The Control determines how fast the capacitor charges. When the Control is set for a low resistance , more current reaches the capacitor and it can charge faster. But when the Control is set to a high resistance, only a small amount of current reaches the capacitor and it takes a longer time to fully charge.

Now if a resistor can affect a capacitor's charging time, what else do you suppose it could affect? (Think out your answer carefully... because we're going to find out how right you are in just a few minutes.)

We're now going to find out the answer to that question. (You didn't expect us to let you off the hook, did you?).

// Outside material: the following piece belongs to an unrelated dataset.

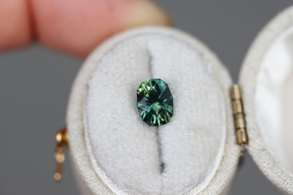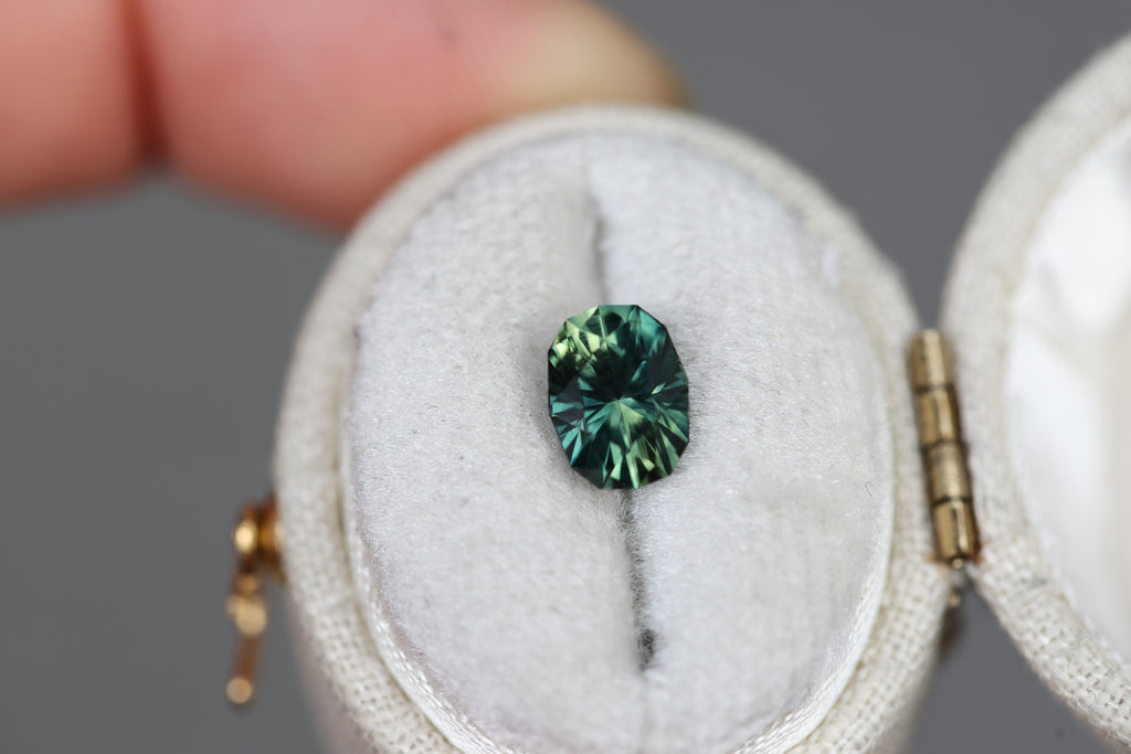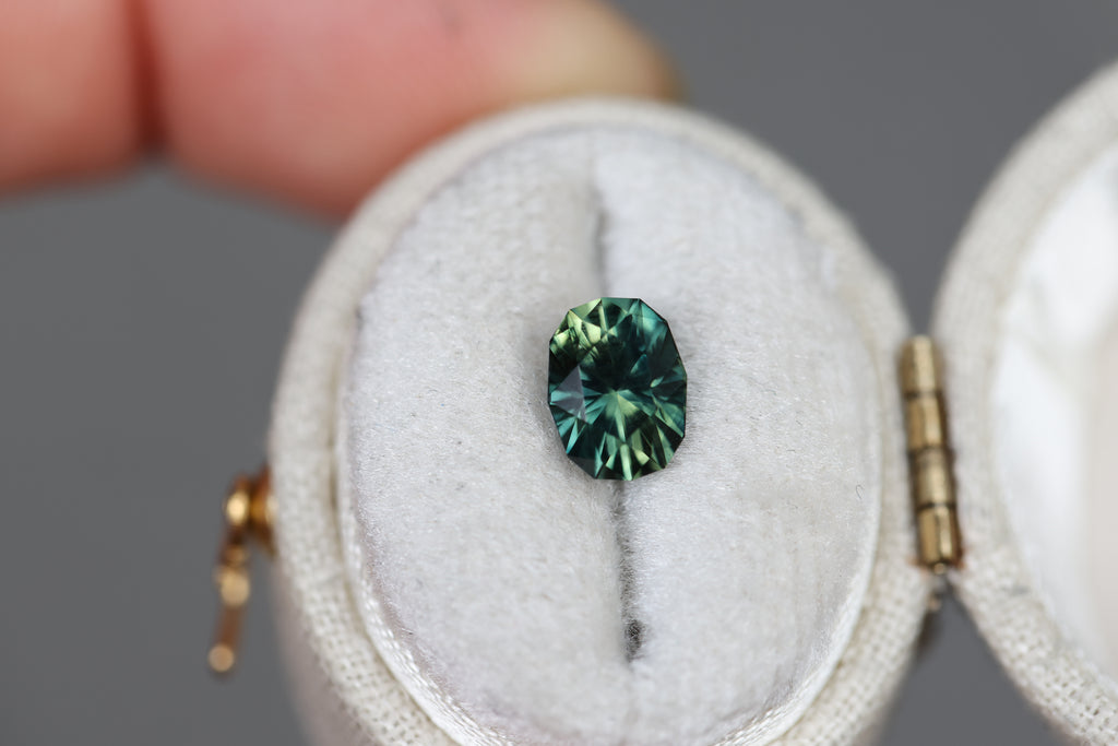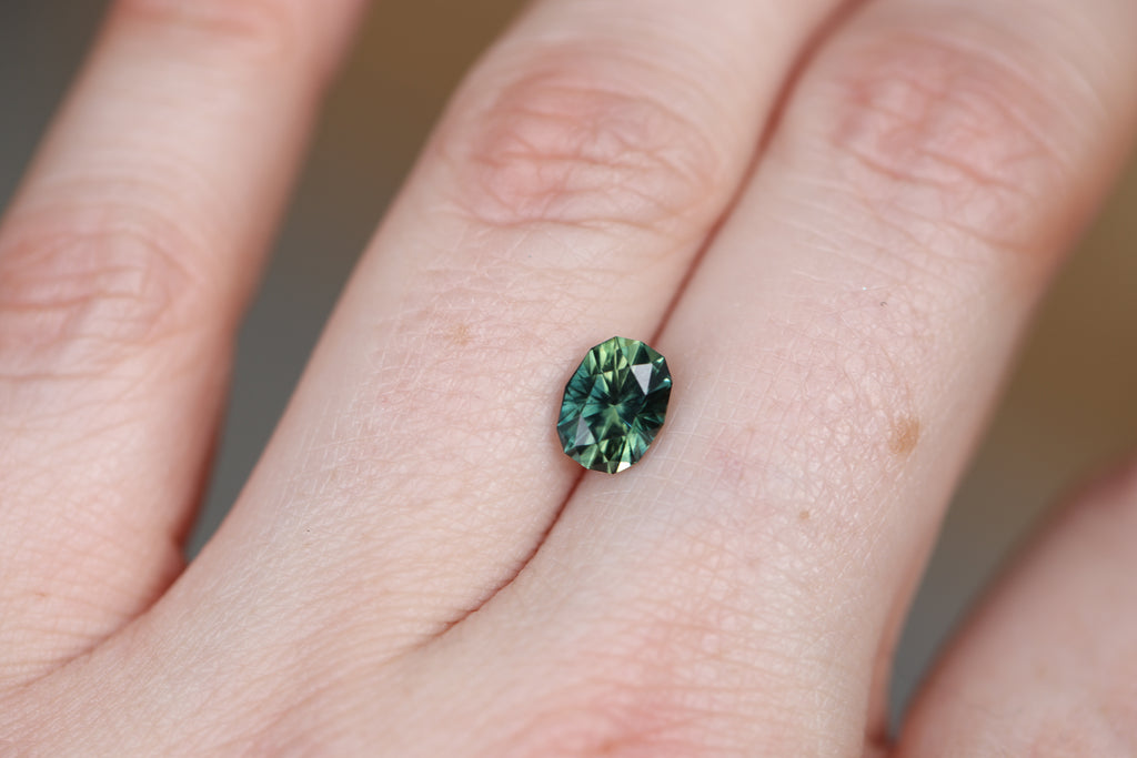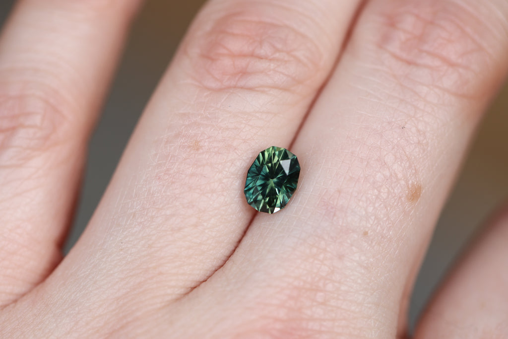 This absolutely stunning oval green blue sapphire is such a gorgeous mix of rich coloring! It has incredible faceting and will make such a stand out one of a kind ring!

After you complete the wiring connections of circuit B, put the power ON.

Press the Key and the Meter pointer will swing to the right.

Now release the Key and you'll see the Meter pointer return to the left toward 0 at a certain speed.

Press and release the Key again but now adjust the Control Knob after releasing the Key. You'll see the Meter pointer return at different speeds as you adjust the Control. Can you figure out what's happening?

The Control is adjusting how fast the capacitor can discharge. If the current from the capacitor meets a high resistance, the capacitor cannot discharge as quickly as it could into a low resistance. You see now that a resistor can control both the charging and discharging times of a capacitor.

Electronics engineers refer to this as the R-C Time Constant. This means we can control the operation of several circuits, such as oscillators, by using different values of resistors and capacitors. We'll see several examples of how this is done in future Projects.